Era 2. VENUS - Volatile Burn - The Burn begins. Rates fluctuate wildly and continue to rise. Seeking stability we see growth in Layer 2 activity (sidechains and statechains).
Era 3. EARTH - Stable Burn - Democracy awakens as coordinated use of the Magic Numbers cools off the Burn by increasing block space. Continued growth of L2s.
The Economic Eras of Minima will be volatile by nature, but a rewarding time for all involved. Mercury is the first stop in this evolution, a time of free transactions for all. A time of great growth, of new communities, of solid foundations. But good things can’t last forever, increasing traffic leads each of Minima’s blocks to fill to capacity and so The Burn must begin. The advent of The Burn marks the end of Mercury, the free transactions era, and the beginning of Venus, a more volatile period where the ecosystem must learn to adapt to this new fee for getting on-chain. Projects established during Mercury's free and easy times will have gained a huge advantage and continue to grow and mostly dominate the ecosystem. Whilst some failed to adapt and burn out. The Earth era is reached when network participants finally coordinate the use of Minima’s Magic Numbers parameters to increase block space/script space, reducing traffic and The Burn rate to previous levels. Traffic and Magic Number parameter changes will become more closely monitored and coordinated by the community.
Meanwhile, the growth of Omnia (Minima’s Layer 2 solution - an implementation of Lightning’s ELTOO network) and other side chains / state chains will explode, shifting much of the L1 traffic to L2. But Minima’s L1 is unique and will not lose any security, because all layers on Minima must contribute compute power in order to transact. Any traffic on Omnia must also run a Minima Node. When messages are sent over Omnia, a tiny burst of Tx-PoW that secures Minima’s Layer 1 is required. So growth in Minima's L2 traffic continues to secure the L1. So regardless of where traffic concentrates itself, Minima will never run short of PoW.
The Minima protocol’s base layer asset, MINIMA, is a future-proof, commodity money built into a network capable of achieving extreme resilience. Extreme resilience is the holy grail of blockchain, helping a network navigate any and all potential threats related to censorship, takedowns, DDOS and more.

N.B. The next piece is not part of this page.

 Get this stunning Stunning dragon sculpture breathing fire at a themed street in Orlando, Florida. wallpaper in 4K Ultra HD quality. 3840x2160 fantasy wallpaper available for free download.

MINIMA’s potential as an embedded, deflationary, store-of-value stems from the extreme levels of decentralization the network achieves at scale. The capacity to reach unprecedented decentralization at scale is augmented by its inherent virality and ease of use. This is Minima’s version of flywheel economics. A decentralization flywheel.
Minima is the easiest blockchain to share and install, a succinct node footpoint, shareable miniDapps and decentralized DappStore allow anyone to build applications that leverage all that the Minima network has to offer. This inherent openness and accessibility will drive the network to extremes of decentralization which fortify it against all kinds of attacks, preserving the integrity of the chain and the longevity of value capture.
Furthermore, as the ONLY blockchain in the world that can run in full as a System-on-Chip (SoC), this will be the first-ever instance of chain-on-chip technology. This will allow the embedding of Minima inside any device or machine. The success of this silicon story will exponentially speed up the widespread adoption of Minima as Enterprises begin embedding blockchain SoC at the production line.